Тонкими плетями хлестал дождь по соломе крыши, тонко и зло взвизгивал ветер, приглушая сердечную жалобу человека…

На рассвете я уехал из деревни и увез в памяти моей одну из лучших бесед человека с богом, – может быть, самую лучшую из всех, какие довелось слышать мне.

– Э, христос…

ПАУК

‹Заметки из дневника воспоминания›

Ермолай Маков, старик, торговец «древностями», человек длинный, тощий и прямой, как верстовой столб. Ходил он по земле, как солдат на параде, смотрел на все огромными глазами быка, в серовато-синем, мутном блеске их было что-то унылое и тупое. Он казался мне глупым, в этом особенно убеждала меня своенравная и капризная чертах его характера: принесет продавать чернильницу подьячего, жалованный ковш целовальника или древнюю монету, упорно торгуется, продаст – и вдруг могильным голосом скажет:

– Нет, не хочу.

– Почему?

– Охоты нет.

– Зачем же ты целый час болтал зря?

Он молча сунет вещь в бездонный карман своей поддевки, вздохнет тяжко и уходит, не простясь, как будто крепко обиженный.

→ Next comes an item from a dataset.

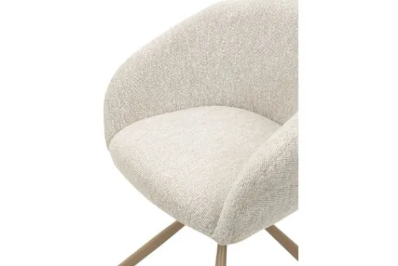 Eetstoel Pleko van het merk Divani is een moderne draaistoel die comfort en functionaliteit stijlvol samenbrengt. De zitting heeft een ronde, uitnodigende vorm met een zachte rug en geïntegreerde armleuningen die zorgen voor een geborgen en comfortabele zit. De stoel is uitgevoerd in de stof Lodge Linen 110.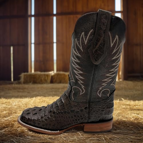 Specification: The Western Shops Mens Leather Square Toe Cowboy Boot Embossed Crocodile Alligator Print Western Boot

Но через день, а иногда – через час, неожиданно является, кладет вещь на стол:

– Бери.

– А что ж ты прошлый раз не продал?

– Охоты не было.

Он был не жаден на деньги, по многу давал нищим, а к себе относился небрежно: ходил зиму и лето в старенькой, на вате, поддевке, в теплом измятом картузе, в худых сапогах. Жил – бездомно, переходя от поместья в поместье из Нижнего в Муром, из Мурома в Суздаль, Ростов, Ярославль – и снова является в Нижнем, всегда останавливаясь в грязненьких «Номерах» Бубнова; их населяли торговцы канарейками, шулера, сыщики и всевозможные искатели счастья; – они искали его лежа на продавленных диванах, в облаках табачного дыма. Среди этого человечьего мусора Маков пользовался особым вниманием как «ходовой» человек и хороший рассказчик; рассказывал же он всегда о том, как разрушаются – «хизнут» – старые «дворянские гнезда». Говорил он об этом с глухой, унылой злобой, особенно густо и настойчиво подчеркивая легкомыслие помещиков:

– Шары гоняют. Очень любят они шары гонять деревянными молотками, игра такая. И сами, как шары эти, стали, – совсем бессмысленно катаются туда-сюда по земле.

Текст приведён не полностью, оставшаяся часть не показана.